VGG-Tex: A Vivid Geometry-Guided Facial Texture Estimation Model for High Fidelity Monocular 3D Face Reconstruction
Haoyu Wu, Ziqiao Peng, Xukun Zhou, Yunfei Cheng, Jun He, Hongyan Liu, Zhaoxin Fan
TL;DR
This work tackles the long-standing gap in monocular 3D face reconstruction where texture quality lags behind geometric accuracy. It introduces VGG-Tex, a geometry-guided texture estimation framework that leverages FLAME-based priors through a dual-branch network (FAEM and CGTG), complemented by a Visibility-Enhanced Texture Completion module and a Texture-Guided Geometry Refinement training stage.
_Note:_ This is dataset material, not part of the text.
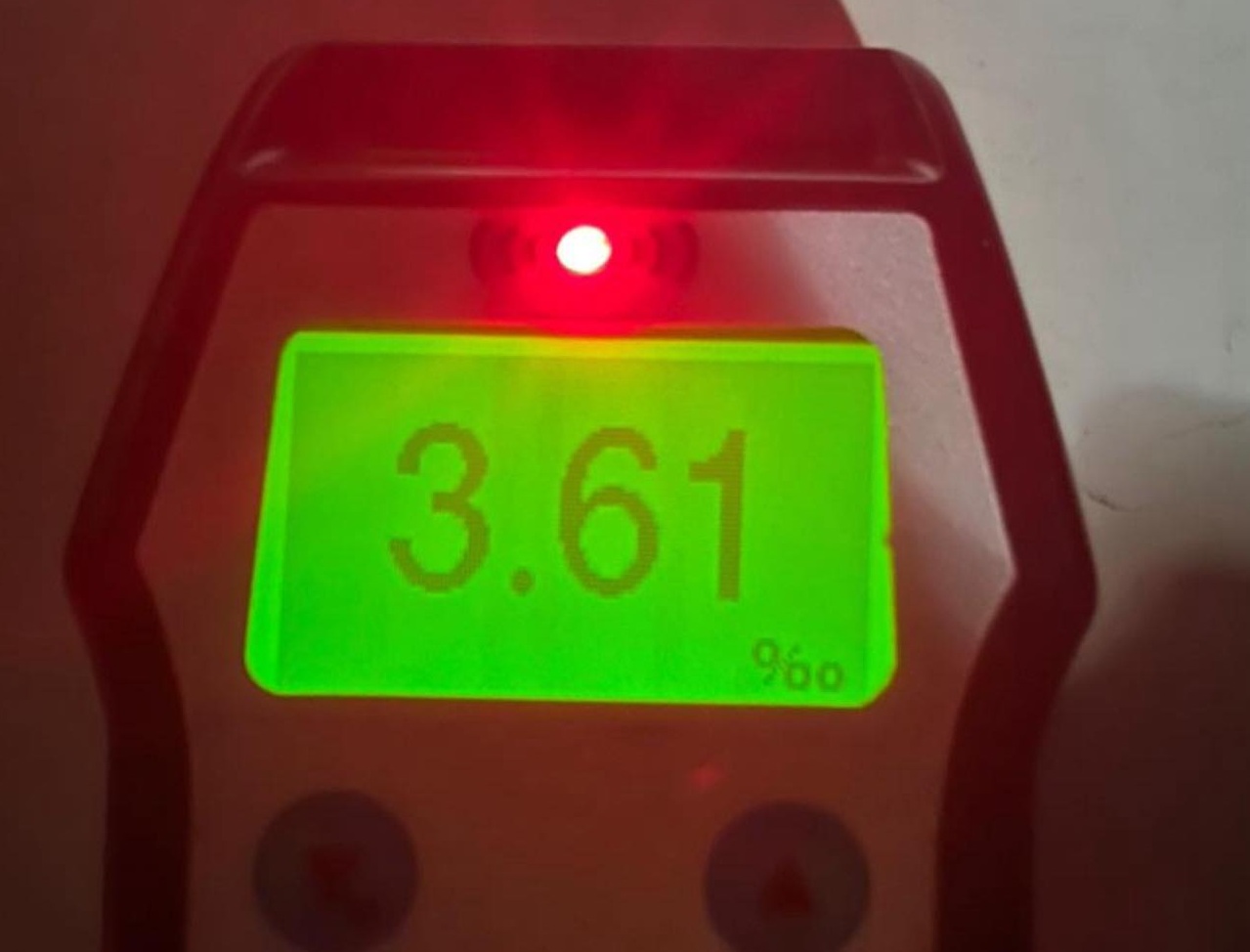 Під час спілкування інспектори помітили у водія характерні ознаки сп’яніння — різкий запах алкоголю, порушення мовлення та координації. Огляд на місці підтвердив підозри: прилад показав 3,61‰ алкоголю в організмі.

The approach yields high-fidelity UV textures and competitive geometry on standard benchmarks, outperforming prior texture-focused methods while maintaining robust geometry reconstruction. These advances enable more realistic renderings for applications in AR/VR, animation, and telepresence by producing more faithful facial textures under varied poses and occlusions.
Abstract
3D face reconstruction from monocular images has promoted the development of various applications such as augmented reality. Though existing methods have made remarkable progress, most of them emphasize geometric reconstruction, while overlooking the importance of texture prediction. To address this issue, we propose VGG-Tex, a novel Vivid Geometry-Guided Facial Texture Estimation model designed for High Fidelity Monocular 3D Face Reconstruction. The core of this approach is leveraging 3D parametric priors to enhance the outcomes of 2D UV texture estimation. Specifically, VGG-Tex includes a Facial Attributes Encoding Module, a Geometry-Guided Texture Generator, and a Visibility-Enhanced Texture Completion Module. These components are responsible for extracting parametric priors, generating initial textures, and refining texture details, respectively. Based on the geometry-texture complementarity principle, VGG-Tex also introduces a Texture-guided Geometry Refinement Module to further balance the overall fidelity of the reconstructed 3D faces, along with corresponding losses. Comprehensive experiments demonstrate that our method significantly improves texture reconstruction performance compared to existing state-of-the-art methods.